Skargę do Wojewódzkiego Sądu Administracyjnego w Lublinie na decyzję wojewody o wygaśnięciu mandatu złożył Żuk oraz Rada Miasta Lublin. Sąd połączył je do wspólnego rozpoznania i rozpatrzenia. 

Wcześniej wniosek dotyczący wygaśnięcia mandatu prezydenta Lublina CBA skierowało do rady miasta Lublin w listopadzie ub. roku. Uchwała rady o stwierdzeniu wygaśnięcia mandatu nie uzyskała większości i przepadła w głosowaniu. CBA skierowało sprawę do wojewody. Wobec braku uchwały rady miasta, wojewoda wydał zarządzenie zastępcze stwierdzające wygaśnięcie mandatu Żuka, a ten zaskarżył decyzję wojewody do sądu administracyjnego.

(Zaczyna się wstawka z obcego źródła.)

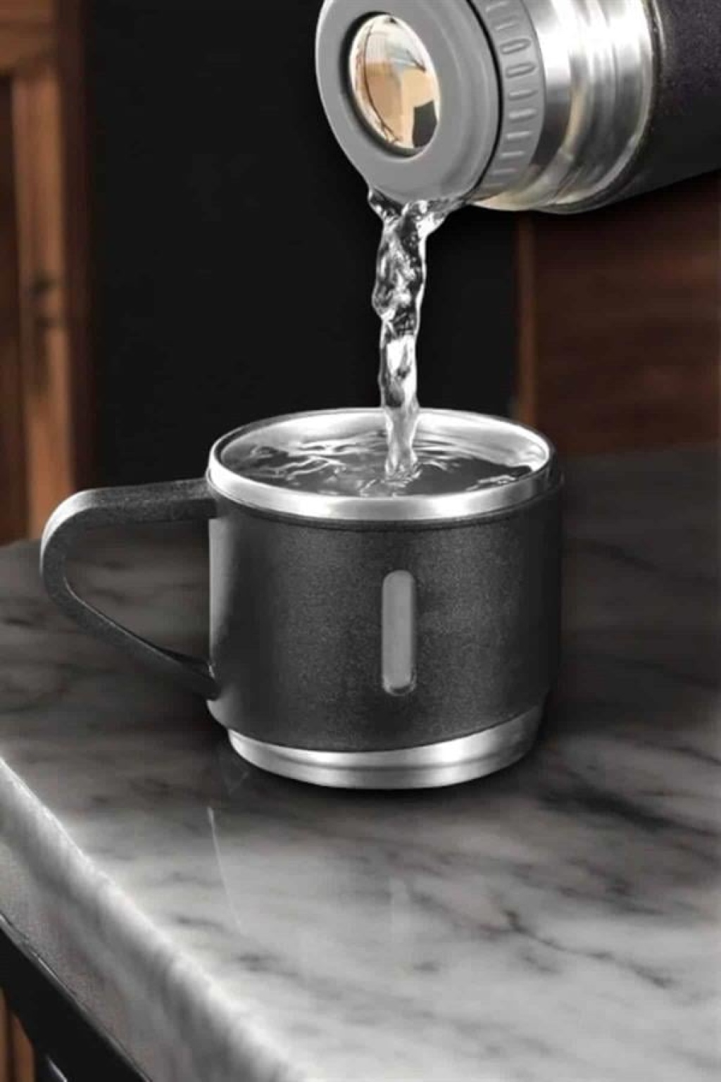 Termos Seti 3'lü Bardak Seti Isı Dayanıklı Siyah Paslanmaz Çelik Vakumlu

Wojewoda powoływał się na opinie prawników lubelskiego Urzędu Wojewódzkiego, z których wynikało, że był zobowiązany do wydania zarządzenia zastępczego, oraz, że był związany ustaleniami CBA i nie ma uprawnień, aby je kwestionować. Wskazywał na przepisy, które wprost stanowią, że prezydent może zasiadać w radzie nadzorczej, o ile zostanie doń skierowany przez ministra Skarbu Państwa bądź spółkę, w której udział Skarbu Państwa przekracza 50 proc. kapitału zakładowego lub liczby akcji. Żuk natomiast został skierowany do PZU Życie przez PZU, gdzie Skarb Państwa ma 34,4 proc. akcji. W PZU Życie skarb państwa nie ma żadnej akcji, więc nie może tam kierować swoich przedstawicieli – tłumaczył Czarnek.